- _Work required_
In the material below, the required lines run from the one containing "3、进入发现专栏,支持期刊查询以及论文辅导等等。" through the one containing "Την Κυριακή 31/8". Copy those lines exactly, ends included, and nothing else.

Provided material START

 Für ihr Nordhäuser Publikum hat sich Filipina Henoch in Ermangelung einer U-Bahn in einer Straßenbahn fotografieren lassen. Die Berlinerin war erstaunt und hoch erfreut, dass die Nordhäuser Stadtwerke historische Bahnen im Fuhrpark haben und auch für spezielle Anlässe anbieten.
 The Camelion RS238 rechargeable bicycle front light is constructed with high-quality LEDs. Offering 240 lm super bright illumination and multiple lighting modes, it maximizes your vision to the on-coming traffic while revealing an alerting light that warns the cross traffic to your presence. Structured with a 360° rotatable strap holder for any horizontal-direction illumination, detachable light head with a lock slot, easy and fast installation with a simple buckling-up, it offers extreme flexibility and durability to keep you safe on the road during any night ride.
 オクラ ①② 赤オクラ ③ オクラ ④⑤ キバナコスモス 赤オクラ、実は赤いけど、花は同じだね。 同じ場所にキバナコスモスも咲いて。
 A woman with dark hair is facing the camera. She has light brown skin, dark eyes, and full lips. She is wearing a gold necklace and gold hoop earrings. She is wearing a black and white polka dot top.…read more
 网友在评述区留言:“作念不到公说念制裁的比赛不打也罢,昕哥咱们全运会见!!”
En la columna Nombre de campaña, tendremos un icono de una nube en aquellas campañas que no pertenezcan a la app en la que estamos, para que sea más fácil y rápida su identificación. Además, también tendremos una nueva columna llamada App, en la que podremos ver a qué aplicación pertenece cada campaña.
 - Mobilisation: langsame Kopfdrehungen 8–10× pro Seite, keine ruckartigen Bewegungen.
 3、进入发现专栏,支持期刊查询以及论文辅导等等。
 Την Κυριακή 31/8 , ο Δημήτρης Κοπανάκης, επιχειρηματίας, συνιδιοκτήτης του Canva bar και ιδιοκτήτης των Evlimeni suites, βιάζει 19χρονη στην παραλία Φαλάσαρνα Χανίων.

Provided material END
Provided material START

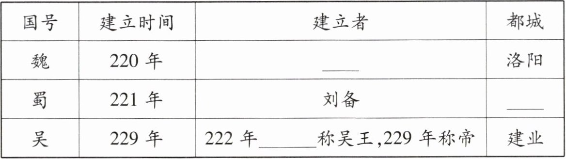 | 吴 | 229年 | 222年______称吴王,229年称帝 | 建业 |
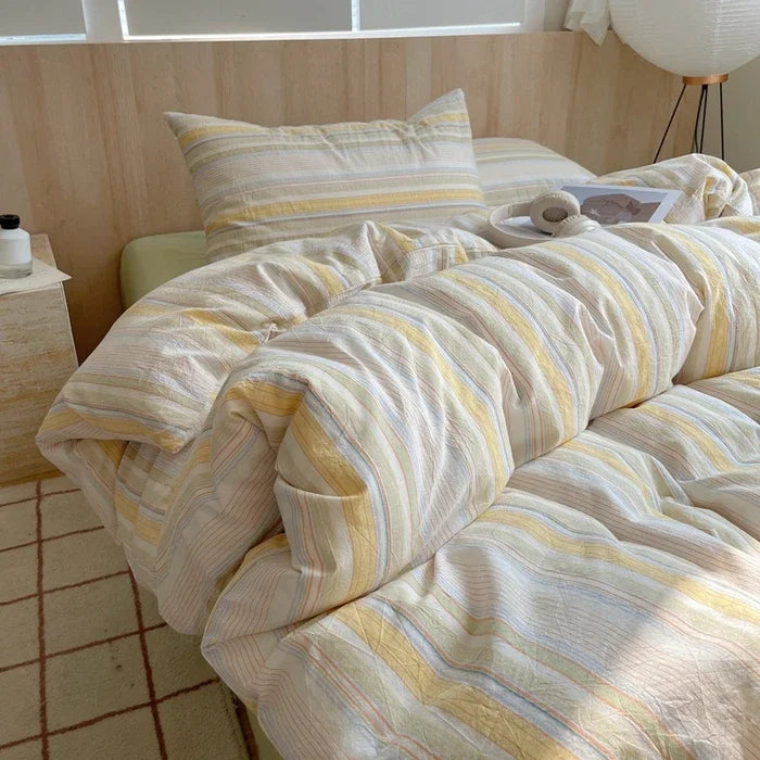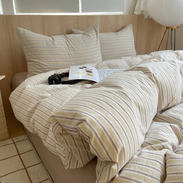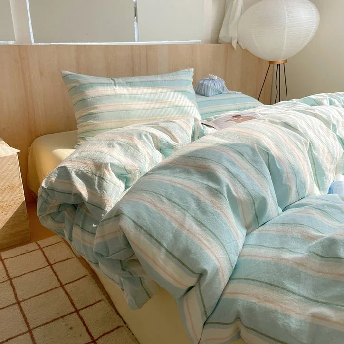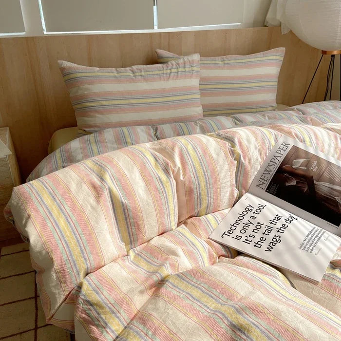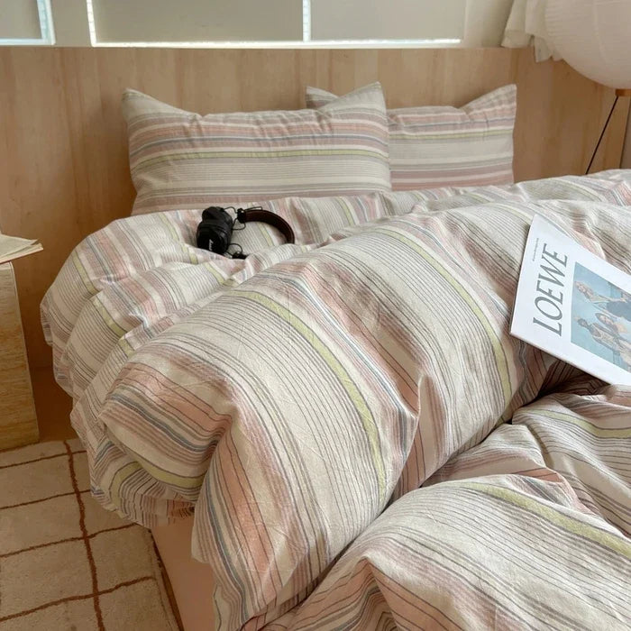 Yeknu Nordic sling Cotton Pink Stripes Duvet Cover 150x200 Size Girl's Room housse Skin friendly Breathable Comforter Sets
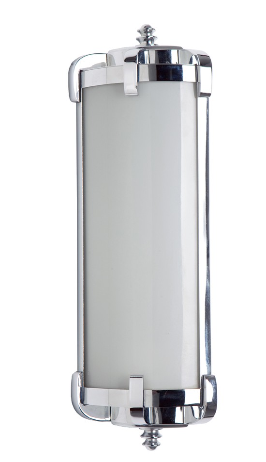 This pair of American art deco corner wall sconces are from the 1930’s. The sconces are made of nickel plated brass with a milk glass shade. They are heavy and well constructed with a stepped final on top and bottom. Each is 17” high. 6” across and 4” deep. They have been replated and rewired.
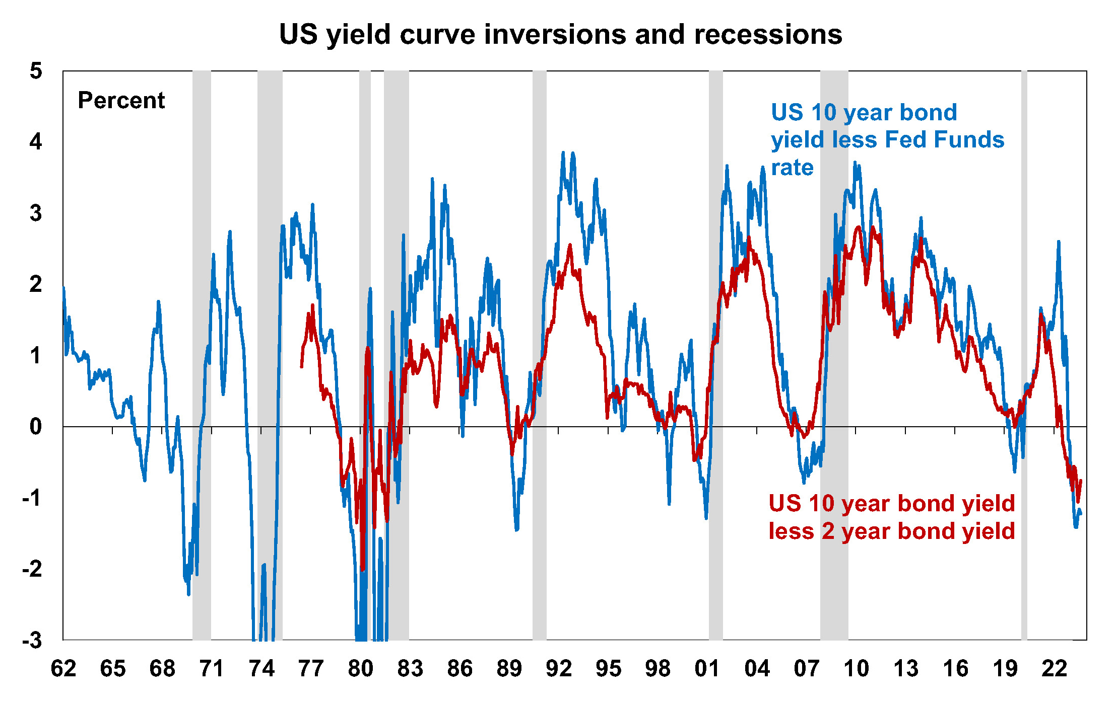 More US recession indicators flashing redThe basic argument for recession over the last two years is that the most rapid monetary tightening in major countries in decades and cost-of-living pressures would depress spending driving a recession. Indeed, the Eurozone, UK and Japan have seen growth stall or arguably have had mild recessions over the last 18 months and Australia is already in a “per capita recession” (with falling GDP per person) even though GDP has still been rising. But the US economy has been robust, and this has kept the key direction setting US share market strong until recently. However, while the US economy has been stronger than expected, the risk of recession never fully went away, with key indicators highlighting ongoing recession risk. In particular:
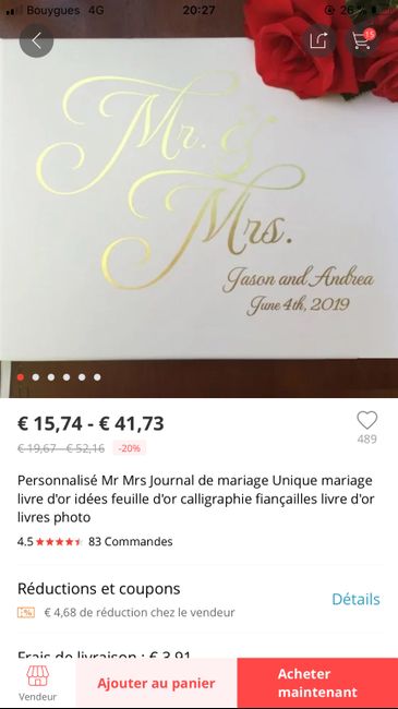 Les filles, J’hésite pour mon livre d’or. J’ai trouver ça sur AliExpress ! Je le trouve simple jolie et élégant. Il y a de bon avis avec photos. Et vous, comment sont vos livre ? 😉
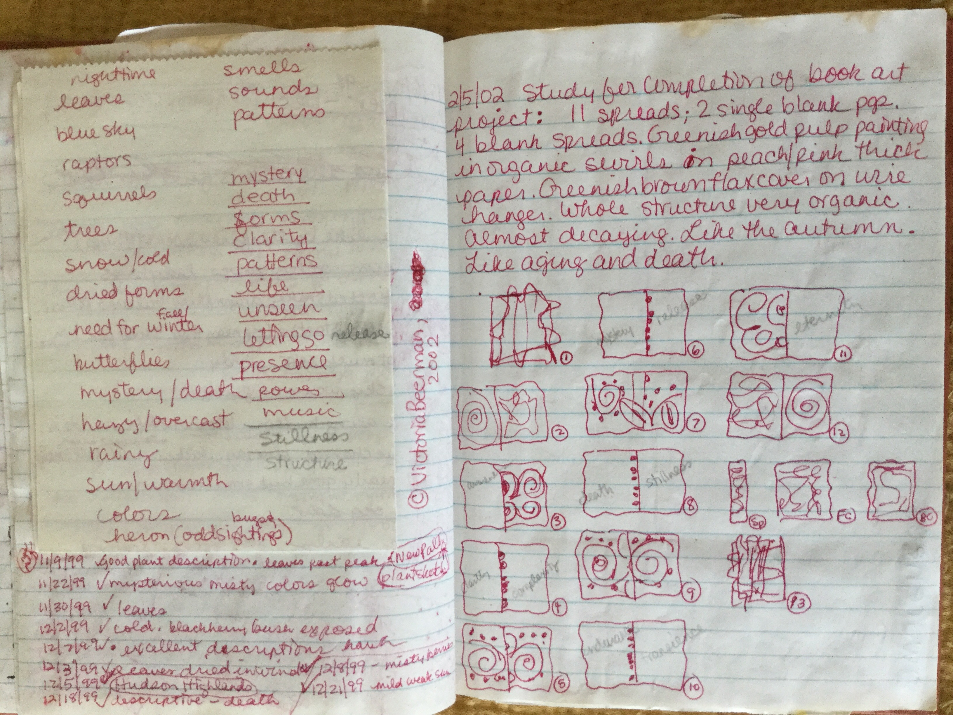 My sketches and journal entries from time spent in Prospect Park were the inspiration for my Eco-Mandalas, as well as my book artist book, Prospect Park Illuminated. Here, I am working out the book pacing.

Provided material END
Provided material START

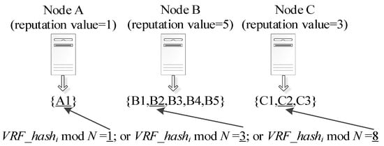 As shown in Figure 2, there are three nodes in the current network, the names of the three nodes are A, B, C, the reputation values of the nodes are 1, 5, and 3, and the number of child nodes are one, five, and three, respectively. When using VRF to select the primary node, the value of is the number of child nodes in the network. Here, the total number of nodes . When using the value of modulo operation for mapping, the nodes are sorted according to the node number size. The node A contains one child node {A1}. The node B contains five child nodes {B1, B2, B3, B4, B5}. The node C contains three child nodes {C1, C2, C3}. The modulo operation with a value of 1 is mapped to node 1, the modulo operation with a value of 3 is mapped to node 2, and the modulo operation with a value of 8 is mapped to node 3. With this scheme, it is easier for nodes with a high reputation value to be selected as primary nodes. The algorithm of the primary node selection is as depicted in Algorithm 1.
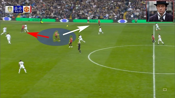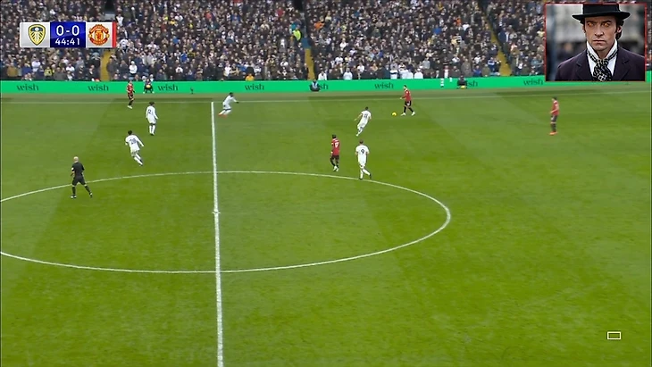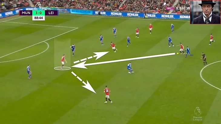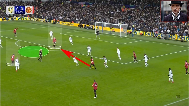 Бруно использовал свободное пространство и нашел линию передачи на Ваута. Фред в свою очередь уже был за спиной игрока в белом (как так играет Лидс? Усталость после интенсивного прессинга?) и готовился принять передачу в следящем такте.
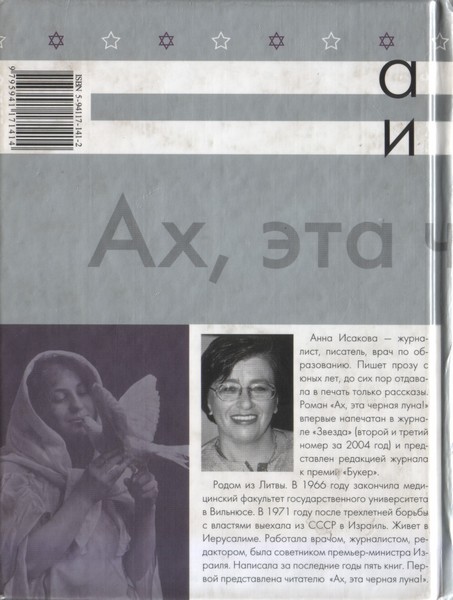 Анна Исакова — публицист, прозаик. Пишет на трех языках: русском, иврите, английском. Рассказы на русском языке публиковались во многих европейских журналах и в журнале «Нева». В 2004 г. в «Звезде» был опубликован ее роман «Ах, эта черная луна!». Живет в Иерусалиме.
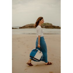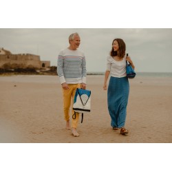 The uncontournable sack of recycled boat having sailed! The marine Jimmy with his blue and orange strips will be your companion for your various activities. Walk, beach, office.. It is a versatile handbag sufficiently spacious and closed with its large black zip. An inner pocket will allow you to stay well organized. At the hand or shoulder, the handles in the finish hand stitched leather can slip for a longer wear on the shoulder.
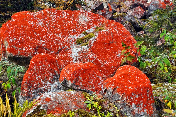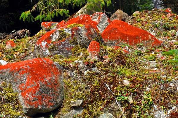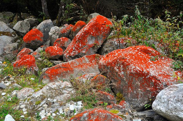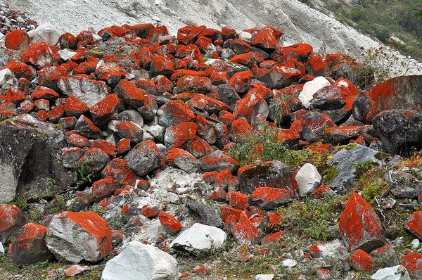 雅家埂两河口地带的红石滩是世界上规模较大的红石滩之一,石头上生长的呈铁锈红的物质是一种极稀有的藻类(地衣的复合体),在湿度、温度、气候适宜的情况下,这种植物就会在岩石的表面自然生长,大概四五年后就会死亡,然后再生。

Provided material END

- _Result for this exercise_
 3、进入发现专栏,支持期刊查询以及论文辅导等等。
 Την Κυριακή 31/8 , ο Δημήτρης Κοπανάκης, επιχειρηματίας, συνιδιοκτήτης του Canva bar και ιδιοκτήτης των Evlimeni suites, βιάζει 19χρονη στην παραλία Φαλάσαρνα Χανίων.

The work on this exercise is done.